Spectral Fingerprints of Electron-Plasmon Coupling

TL;DR

This paper introduces the plasmonic polaron model, a computationally efficient method to predict electron-plasmon coupling effects in spectral functions of materials like Si, Ge, GaAs, and diamond, revealing new insights into their electronic structure.

Contribution

The paper presents the plasmonic polaron model based on cumulant expansion, enabling accurate prediction of electron-plasmon interactions without GW self-energy calculations.

Findings

Identification of plasmonic polaron band structures in Si, Ge, and GaAs.

Assignment of silicon plasmon satellite features to Van Hove singularities.
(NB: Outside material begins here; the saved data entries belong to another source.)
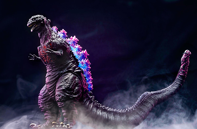 在觀看《正宗哥吉拉》時,想必會對哥吉拉那種身體發出紫光,前所未有的狀態大受衝擊並留下深刻的印象,而「USJ 哥吉拉 限定軟膠模型(暫稱)」也首次將電影中渾身發出紫光的哥吉拉立體呈現,商品色彩塗裝精緻,背鰭的部份使用了透明材質製成,可以呈現藍、紫兩種色彩的光芒,但本體內部是否藏有LED模組或預留設置空間都還不明朗。
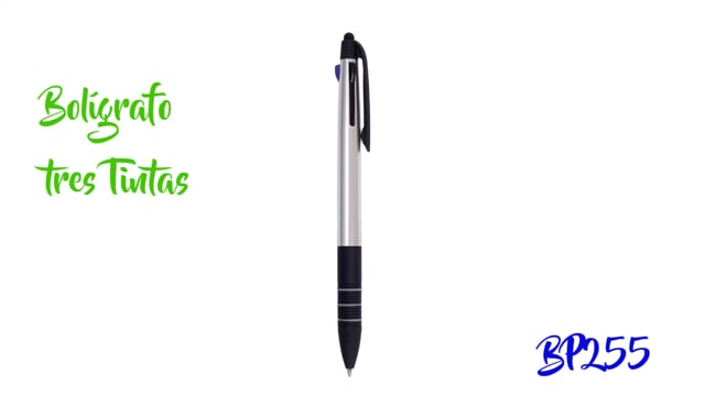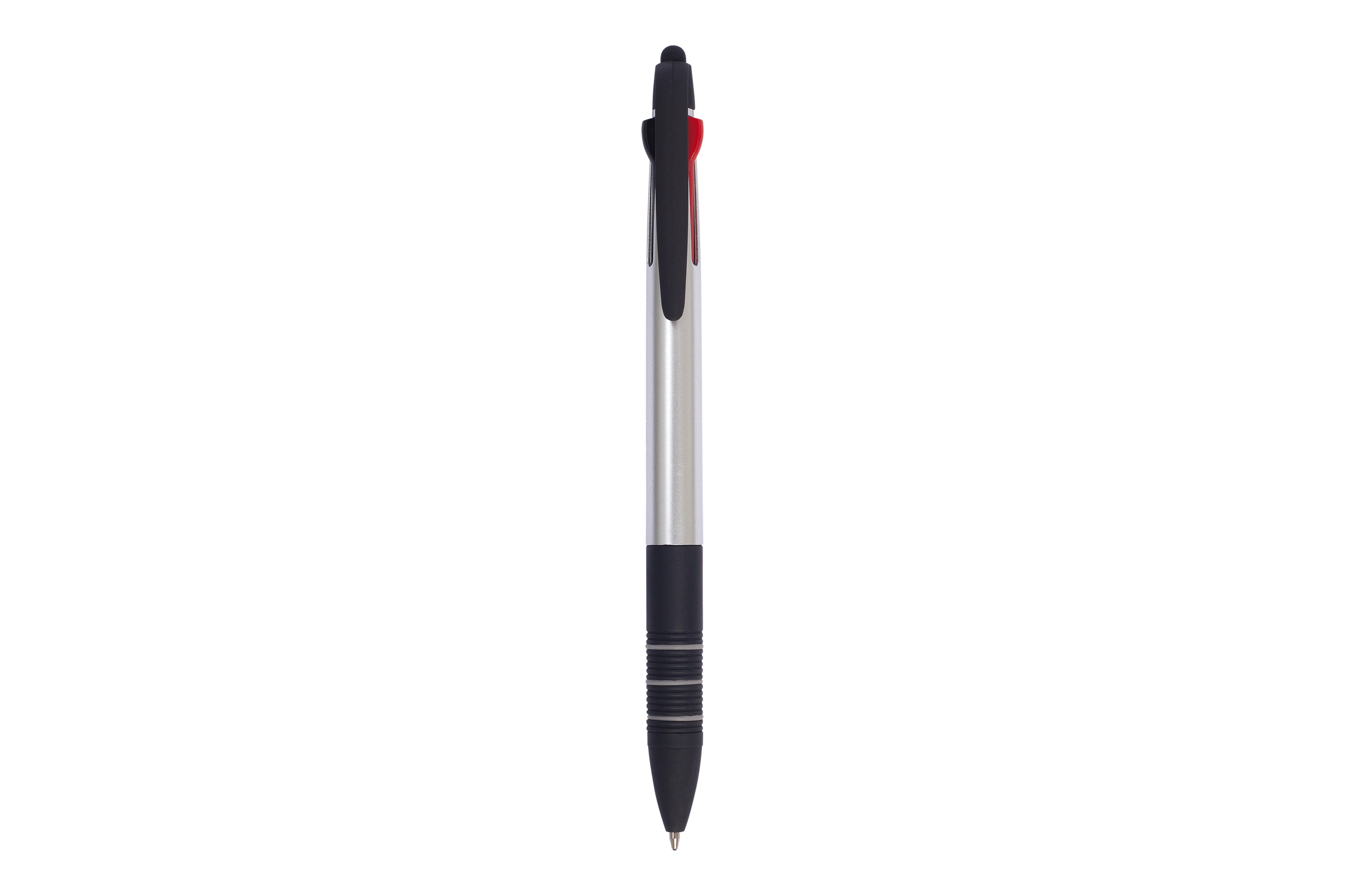 Plástico. Cuerpo plateado. En la parte superior touch negro, clip y puntera del mismo color. Tinta azul-roja-negra.
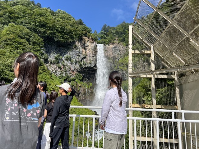 【6年生】日光林間学園(華厳の滝) 公開日 2025/07/31 更新日 2025/07/31 6年生 日本三名瀑の一つである華厳の滝を見学しました。滝の前に立つと、自然の迫力に目を輝かせていました。大自然のすごさを感じられる貴重な体験となりました。
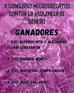 Hoy 25 de noviembre, la profesora de Lengua María José Martín ha comunicado los ganadores del Concurso de Microrrelatos contra la Violencia de Género.

Prediction of ARPES signatures of electron-plasmon coupling in multiple materials.

Abstract

We investigate the spectroscopic fingerprints of electron-plasmon coupling in integrated (PES) and angle-resolved photoemission spectroscopy (ARPES). To account for electron-plasmon interactions at a reduced computational cost, we derived the plasmonic polaron model, an approach based on the cumulant expansion of many-body perturbation theory that circumvents the calculation of the GW self-energy. Through the plasmonic polaron model, we predict the complete spectral functions and the effects of electron-plasmon coupling for Si, Ge, GaAs, and diamond. Si, Ge, and GaAs exhibit well-defined plasmonic polaron band structures, i.e., broadened replica of the valence bands redshifted by the plasmon energy. Based on these results, (i) we assign the structures of the plasmon satellite of silicon (as revealed by PES experiments) to plasmonic Van Hove singularities occurring at the L, $\Omega$, and X high-symmetry points and (ii) we predict the ARPES signatures of electron-plasmon coupling for Si, Ge, GaAs, and diamond. Overall, the concept of plasmonic polaron bands emerges as a new paradigm for the interpretation of electronic processes in condensed matter, and the theoretical approach presented here provides a computationally affordable tool to explore its effect in a broad set of materials.